Supposons un renversement. A savoir que ce n’est pas ma voix qui sort de mon corps, qui vient de mon corps, qui est contenue dans mon corps... mais le contraire. Que mon corps sort de ma voix. C’est rigoureusement irreprésentable. Jamais - l’enregistrement en témoigne - je n’aurais l’air de faire sortir de ma voix mon corps. C’est ça la damnation.

Mais tout de même on pourrait peut-être introduire un doute. Et ce doute, il est introduit uniquement par cette idée qu’il y aurait donc eu un corps qui serait passé par la voix directement à la matrice, pour ensuite se présenter comme corps, un corps comme vous et moi, et puis mourir, et puis ressusciter, et puis s’en aller. C’est un événement tout à fait absurde, qui me paraît, pour cette raison même tout à fait intéressant.

Le moindre psychanalyste venu - c’est-à-dire un peu tout le monde, aujourd’hui - vous dira : ah ben voilà une façon de dénier le sexe, le sexe donc la mort. Mais supposons que ça soit le contraire : qu’il y ait du vrai dans cette idée - que le maximum du sexe soit représenté par la voix et qu’au fond la misère sexuelle dans laquelle on nous contraint de vivre soit tout simplement liée au peu de voix, au très peu de voix. Au très peu de voix non pas en volume, mais au très peu de pensée sortant de la voix.

Bien entendu, c’est ça le fond de la chose à laquelle j’essaie d’apporter une contribution. J’essaie de prendre cette affaire de corps, de sexe qui en est distinct, et de voix, à l’endroit où ça produit des boursouflures, des ratés, des symptômes. Et honnêtement il me semble que l’on n’a pas vraiment accès à la découverte analytique si on a de la pudeur à l’égard de cette histoire de Vierge Marie. C’est pourquoi lorsque j’ai parlé de son trouage, j’ai découvert avec stupeur la volonté laïque spontanée de sauver à tout prix la Vierge Marie. C’est étrange. Sauver à tout prix la Vierge Marie ça revient à sauver son envers : Vénus. Vénus n’a pas de trou, ça aurait dû satisfaire ceux qui voient dans la Vierge Marie la pire des impostures, qui sert à l’opium du peuple, à l’obscurantisme.

En fait, mon geste a choqué les obscurantistes de notre temps. Ceux qui ont tout intérêt (et on pourrait démontrer pourquoi) à garder une image idéale de la femme. N’importe laquelle. Vierge Marie comprise. J’apporte sur un plateau la façon de se débarrasser de toutes ces aliénations et je me vois accusé, moi, de vouloir les faire renaître. Je propose du trou, donc de la liberté, et .je me vois stigmatisé, comme si je voulais mythologiser la question.

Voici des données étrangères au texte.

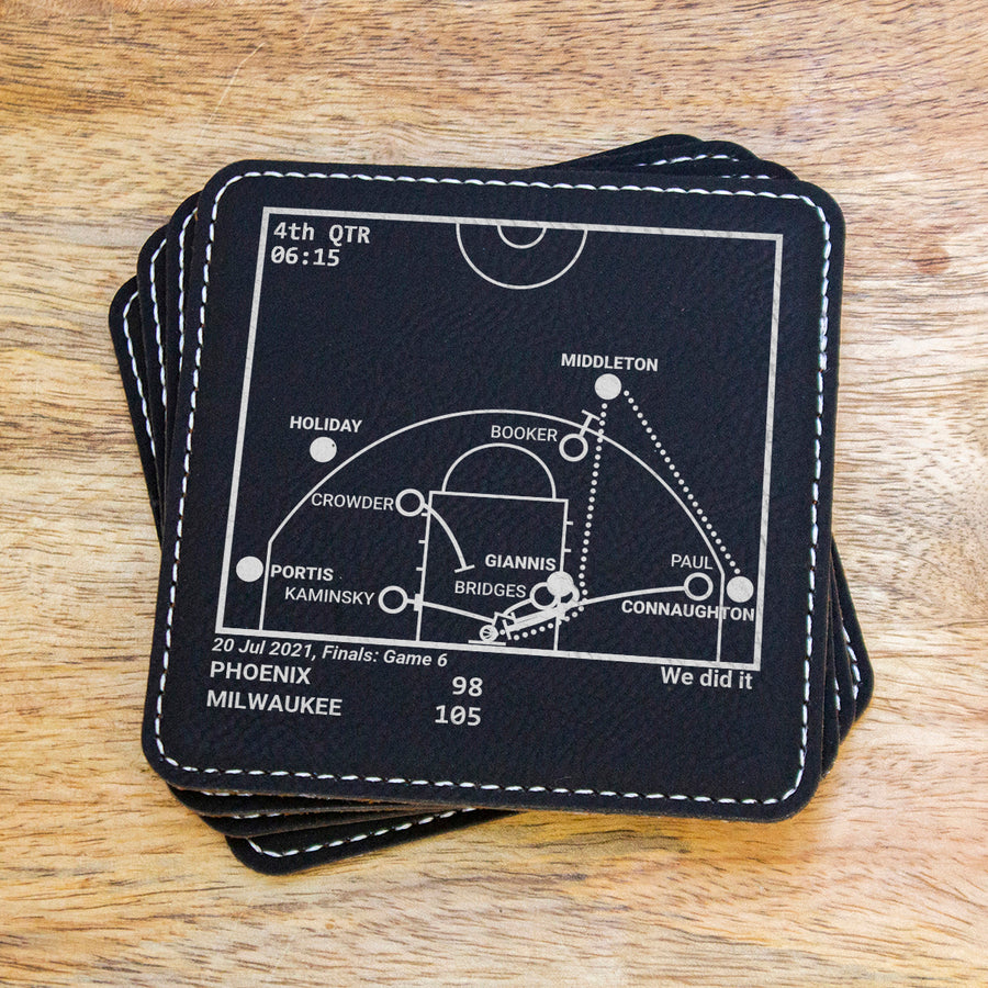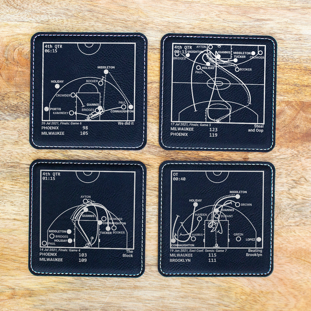 - Set of four coasters laser-etched with the Milwaukee Bucks greatest moments.

Il n’y a pas à se tromper. Tout dévot - laïque, bien sûr, aujourd’hui - de la consistance de l’image féminine est quelqu’un qui n’a aucun accès spontané à l’Art. Vérifiez, vous verrez. Musique, peinture, littérature ? Surdité, aveuglement, blocage. Poésie ? Ça ne répond pas. Rythme, verbal ? Ca laisse froid. Mélodie, harmonie, contrepoint, construction, fugue ? Rien. Peinture, structure, couleurs ? Qu’est-ce que veut dire le cubisme de Picasso ? Verticalité, axe, enveloppement, présentation de la sphère à plat, quatrième dimension réintroduite dans la troisième ? Rien. C’est ça la frigidité. Rien d’autre. Ça ne se passe pas au niveau des petits organes qui se tripotent, parce que là on peut toujours s’imaginer qu’on jouit.

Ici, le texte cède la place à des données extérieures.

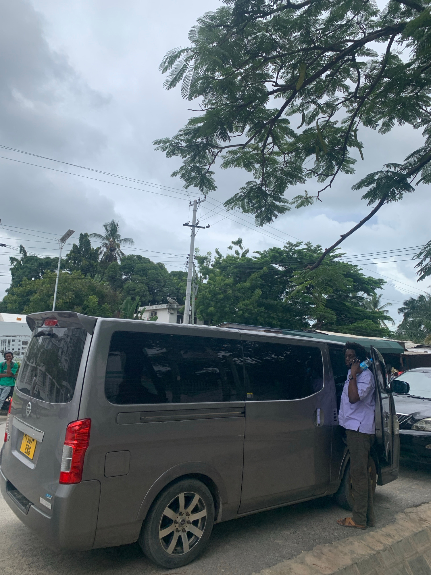 The image shows a gray van parked on a street in Dar es-Salaam, Tanzania. A man wearing a white shirt and brown pants is leaning into the open driver's side door. The van has a yellow license plate wi…read more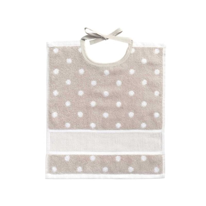 Slabbetje met borduurrand - beige met stippen Rico Design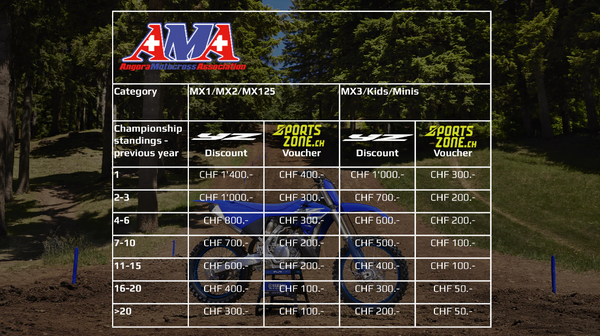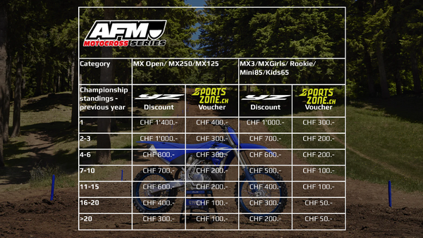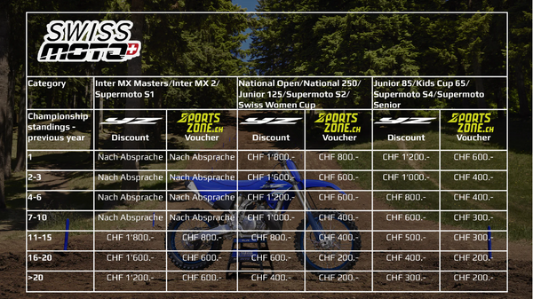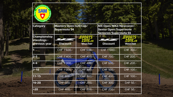 Profitiere jetzt von super Konditionen für die Saison 2025! Je nach Meisterschaft und Rang profitierst du von einem Rabatt bis zu CHF 1‘800.– für deine neue Yamaha YZ 2025 und einem Gutschein von sportszone im Wert von bis zu CHF 800.–. Unabhängig davon, ob du diesen Rang mit einer Yamaha oder einem anderen Bike eingefahren hast.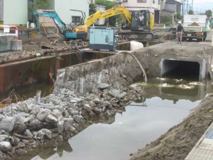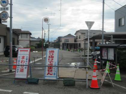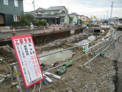 本校の東側、水橋西部地区センターの北側にある用水を暗渠にする工事が始まっています。通行止めの箇所もあります。工事は、来年の春まで続くそうです。

Joyce et Picasso sont absolument contemporains de ce point de vue que le corps ne donne pas naissance à la voix.

Mon corps n’est pour rien d’essentiel dans ce que je vous dis. En revanche, ma résistance nerveuse, ma fureur physique, la santé de mes cellules, mon obstination musculaire, l’allègement de ma circulation, viennent de ma voix. Je le sens, je le dis. (...)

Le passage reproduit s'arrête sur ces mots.